F[subFs_List, args__] := Total[Through[subFs[args]]] /. h_[x_, y__] /; MemberQ[subFs, h] :> h[x][y]

Evaluating F[{F1,F2},X,Y] returns

F1[X][Y]+F2[X][Y]

as expected


edit: The original answer above provided a solution in terms of F that doesn't work out-of-the-box, so to speak, when one already has an expression with terms involving F; in such a case, one can use ReplaceAll.

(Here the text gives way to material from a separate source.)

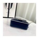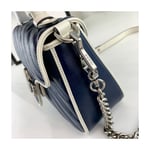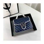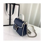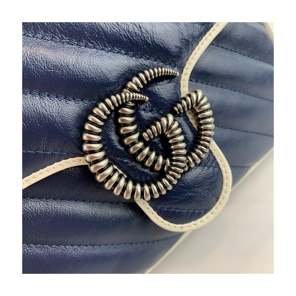 The GG Marmont bag introduced in blue for Cruise 2020, made from diagonal matelassé quilted leather and completed with a twisted torchon Double G embellishment. The mini top handle’s distinct softly structured shape is outlined in contrast white piping, highlighting its oversized flap closure. A removable chain strap allows the satchel shape to also be worn as a shoulder bag.

For the purposes of this amendment, consider an expression in F eg

expr = (a Log[F[X][Y]] - b /(c F[X][Y]) + d)^2 // Expand;

Then, expr /. F[X][Y] :> F[{F1, F2}, X, Y] returns, as expected:

d^2 + 2 a d Log[F1[X][Y] + F2[X][Y]] + a^2 Log[F1[X][Y] + F2[X][Y]]^2 
    + b^2/(c^2 (F1[X][Y] + F2[X][Y])^2) - (2 b d)/(c (F1[X][Y] 
    + F2[X][Y])) - (2 a b Log[F1[X][Y] + F2[X][Y]])/(c (F1[X][Y] + F2[X][Y]))

An alternative

In some cases, it might get confusing to have a transformation rule named after (having the same Head-sort of) the expression one is trying to transform; to tackle this problem, the transform can be conveniently renamed, as in

F /: expand[F[X][Y], subFs_: {F1, F2}] := 
  Total[Through[subFs[X, Y]]] /. h_[x_, y__] /; MemberQ[subFs, h] :> h[x][y]

This definition, attaches the transformation rule to F but avoids having F[X][Y] evaluate to anything in particular.

Here, it is assumed that F[X][Y] will be transformed using functions F1 and F2. This can be changed by supplying a different argument for subFs eg it could possibly be the case that instead of two, it takes three functions {F1, F2, F3} to factor F.

Now, evaluating expr /. patt : F[X][Y] :> expand[patt] should return the same expression as above, namely

d^2+2 a d Log[F1[X][Y]+F2[X][Y]]+a^2 Log[F1[X][Y]+F2[X][Y]]^2
    +b^2/(c^2 (F1[X][Y]+F2[X][Y])^2)-(2 b d)/(c (F1[X][Y]+F2[X][Y]))
    -(2 a b Log[F1[X][Y]+F2[X][Y]])/(c (F1[X][Y]+F2[X][Y]))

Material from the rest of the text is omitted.